In partnership with departments across Duke and practitioners across the Research Triangle, Digital Scholarship and Publishing Services (DSPS) offers a variety of open workshops and symposia focused on digital projects, methods, tools, and best practices. Subscribe to our listserv for upcoming DSPS events or follow us on Twitter @DukeDSPS (Digital Scholarship and Publishing Services) / @MurthyDigital (Murthy Digital Studio).

Fall 2019 event series:

Questions about training possibilities for yourself or your project team, or want to suggest topics for future programs?

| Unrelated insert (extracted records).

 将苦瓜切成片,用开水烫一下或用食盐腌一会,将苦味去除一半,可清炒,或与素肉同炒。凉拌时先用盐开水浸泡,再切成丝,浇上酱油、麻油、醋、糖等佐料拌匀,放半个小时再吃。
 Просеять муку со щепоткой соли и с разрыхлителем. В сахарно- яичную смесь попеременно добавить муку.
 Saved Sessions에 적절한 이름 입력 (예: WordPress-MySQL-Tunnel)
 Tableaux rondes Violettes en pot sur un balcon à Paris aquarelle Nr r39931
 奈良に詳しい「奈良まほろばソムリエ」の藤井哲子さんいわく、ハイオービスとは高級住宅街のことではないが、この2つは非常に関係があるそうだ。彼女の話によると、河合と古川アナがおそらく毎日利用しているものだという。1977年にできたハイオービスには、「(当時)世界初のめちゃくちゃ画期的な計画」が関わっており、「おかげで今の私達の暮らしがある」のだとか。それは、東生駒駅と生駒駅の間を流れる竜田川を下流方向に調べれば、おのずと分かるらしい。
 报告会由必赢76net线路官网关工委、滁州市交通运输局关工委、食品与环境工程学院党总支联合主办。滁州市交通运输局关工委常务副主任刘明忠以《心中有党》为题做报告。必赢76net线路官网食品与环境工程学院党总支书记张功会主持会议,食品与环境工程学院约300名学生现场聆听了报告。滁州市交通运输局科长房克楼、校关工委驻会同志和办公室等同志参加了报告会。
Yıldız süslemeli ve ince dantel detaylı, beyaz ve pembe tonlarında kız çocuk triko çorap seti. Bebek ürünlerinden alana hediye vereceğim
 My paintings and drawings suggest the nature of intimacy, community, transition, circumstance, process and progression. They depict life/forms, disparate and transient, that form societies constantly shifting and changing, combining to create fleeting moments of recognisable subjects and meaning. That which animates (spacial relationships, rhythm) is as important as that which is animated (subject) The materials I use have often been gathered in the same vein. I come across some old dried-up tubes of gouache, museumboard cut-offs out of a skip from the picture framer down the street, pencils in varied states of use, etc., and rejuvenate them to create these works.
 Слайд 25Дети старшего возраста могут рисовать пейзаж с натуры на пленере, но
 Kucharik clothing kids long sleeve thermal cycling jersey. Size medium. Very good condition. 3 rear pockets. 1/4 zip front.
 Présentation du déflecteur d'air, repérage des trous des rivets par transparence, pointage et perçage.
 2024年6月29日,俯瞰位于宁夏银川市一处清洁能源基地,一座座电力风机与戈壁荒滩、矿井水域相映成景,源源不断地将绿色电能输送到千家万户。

Contact askdigital (at) 

RCR Workshops: Text/Data Series (fall 2019)

This series of workshops is about research methods for working with textual data.  It's geared toward scholars in the humanities, although some sessions may also be relevant to the social sciences.  The workshops move in a trajectory from close reading (markup, encoding, creating electronic editions) to "distant reading" (topic modeling, machine learning, aggregating and analyzing large corpora), and they aim to provide participants with a general knowledge of approaches to working with text.  Registration is required (see links below); when registering, please be sure to indicate whether you plan to receive RCR credit. Participants who are taking the workshops for RCR credit will receive priority registration.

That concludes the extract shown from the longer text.